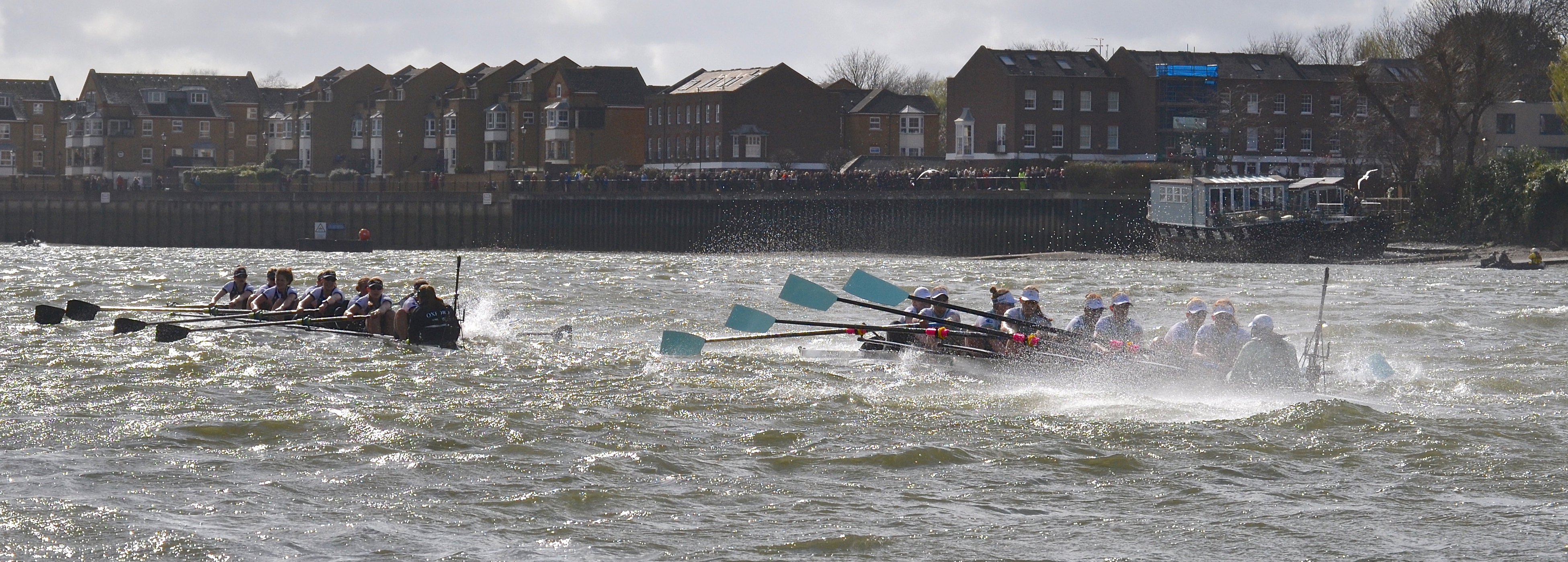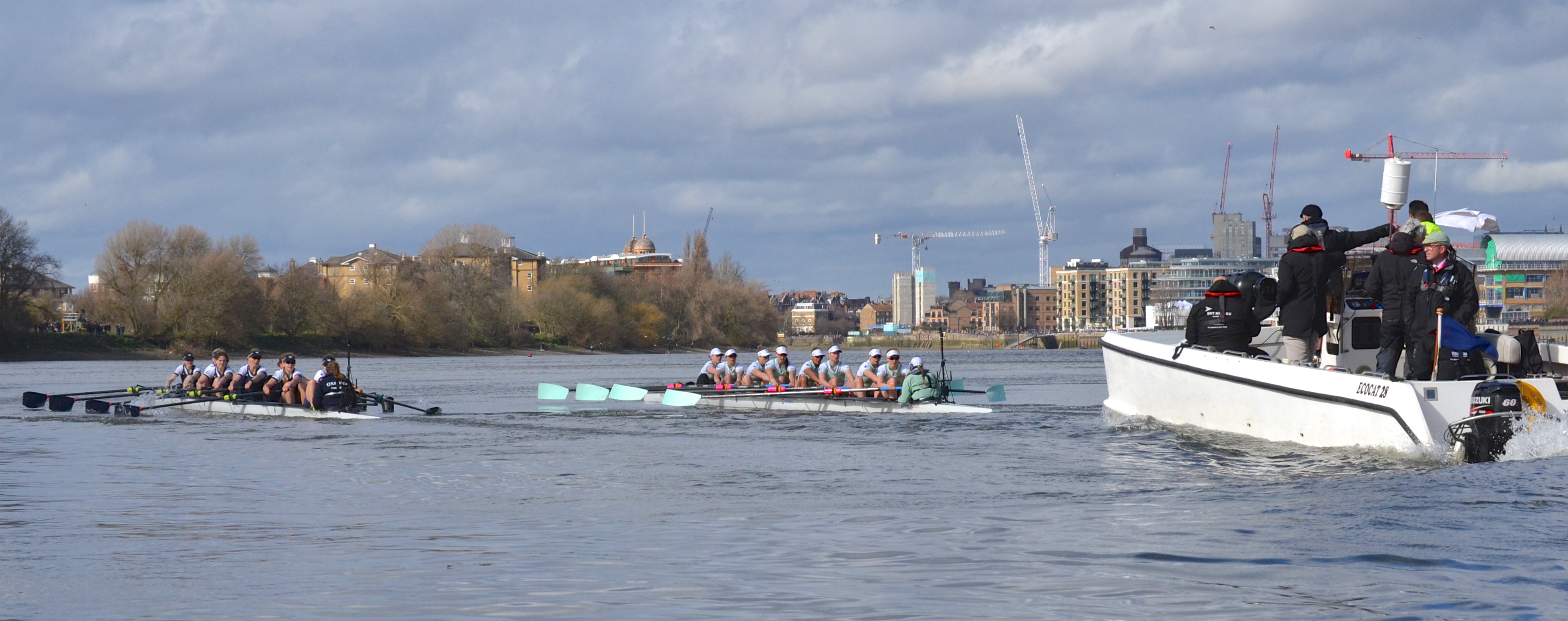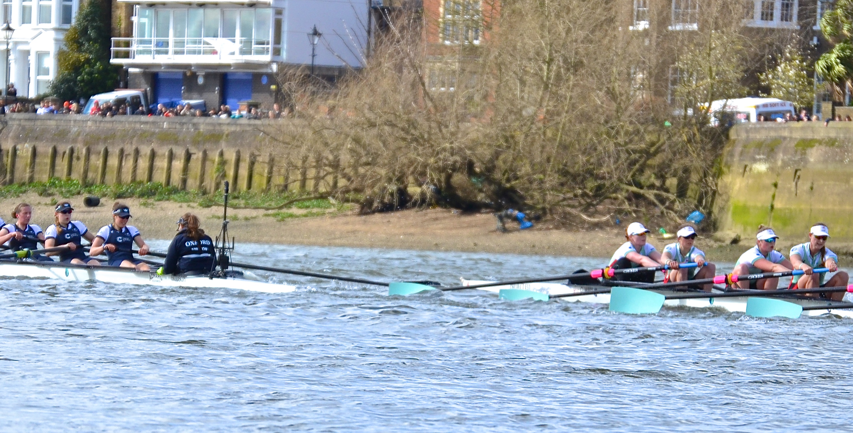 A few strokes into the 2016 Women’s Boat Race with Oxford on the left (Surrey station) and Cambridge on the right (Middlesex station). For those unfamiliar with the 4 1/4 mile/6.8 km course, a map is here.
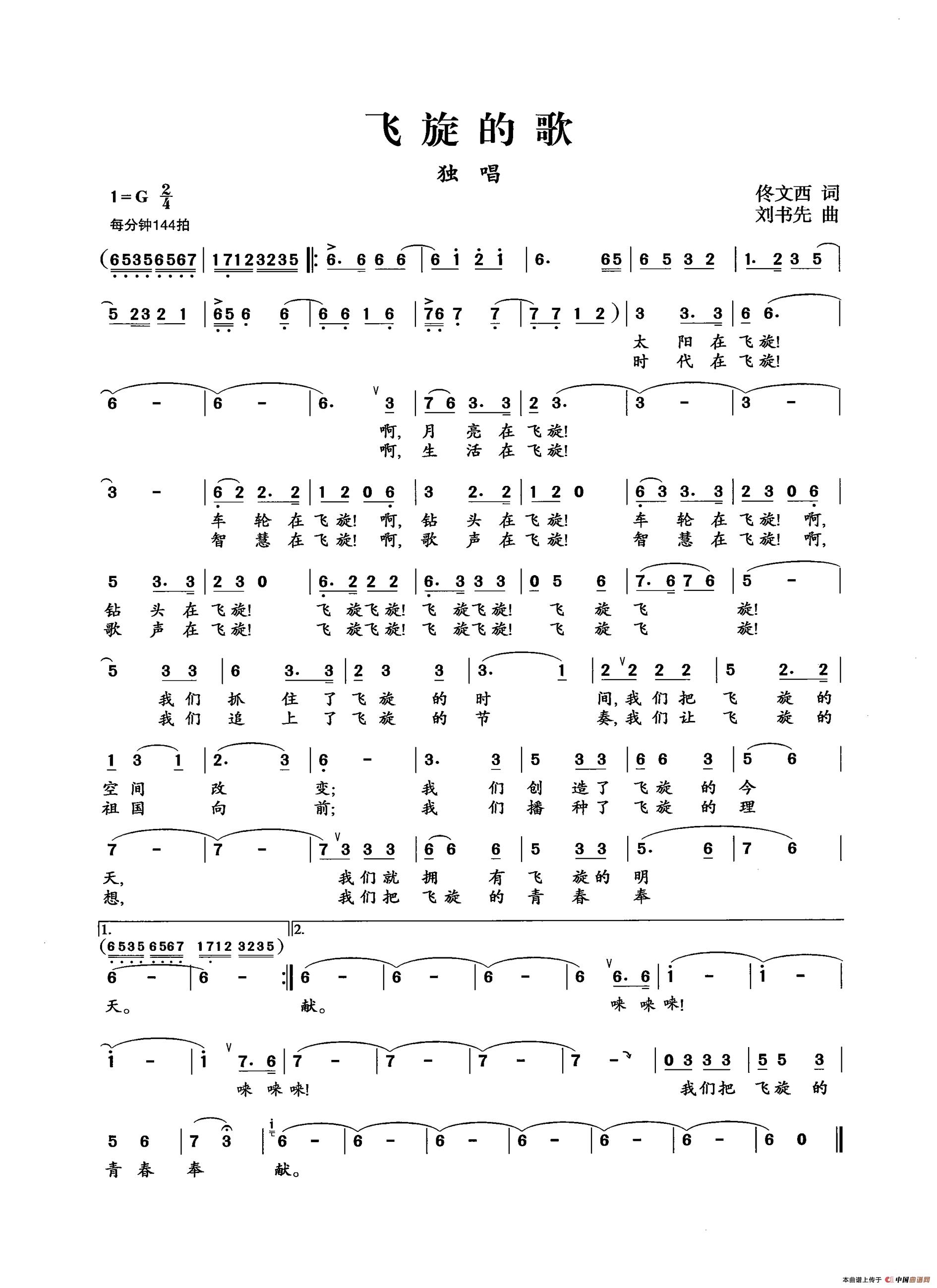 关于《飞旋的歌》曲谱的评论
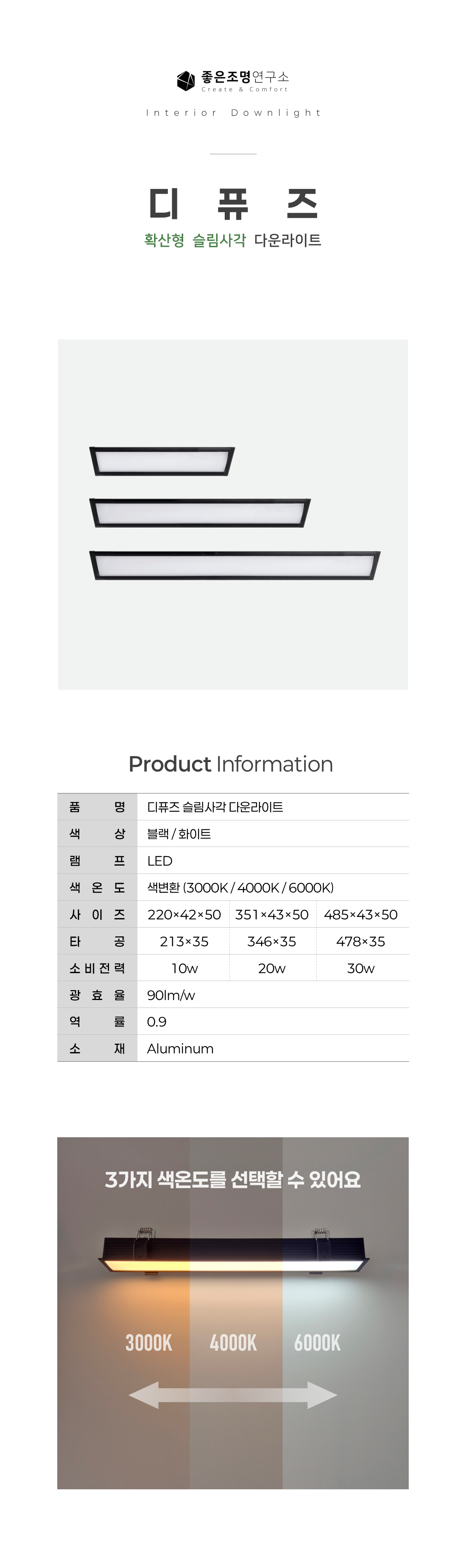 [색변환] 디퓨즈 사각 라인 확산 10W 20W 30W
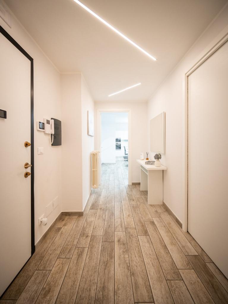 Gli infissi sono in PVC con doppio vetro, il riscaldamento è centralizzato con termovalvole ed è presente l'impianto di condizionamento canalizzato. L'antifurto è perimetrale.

» **Exercise**
What you should repeat exactly is the run of lines from the top of the listing above through the line with "[색변환] 디퓨즈 사각 라인 확산 10W 20W 30W", without pictures.

» **Response to this task**
 A few strokes into the 2016 Women’s Boat Race with Oxford on the left (Surrey station) and Cambridge on the right (Middlesex station). For those unfamiliar with the 4 1/4 mile/6.8 km course, a map is here.
 关于《飞旋的歌》曲谱的评论
 [색변환] 디퓨즈 사각 라인 확산 10W 20W 30W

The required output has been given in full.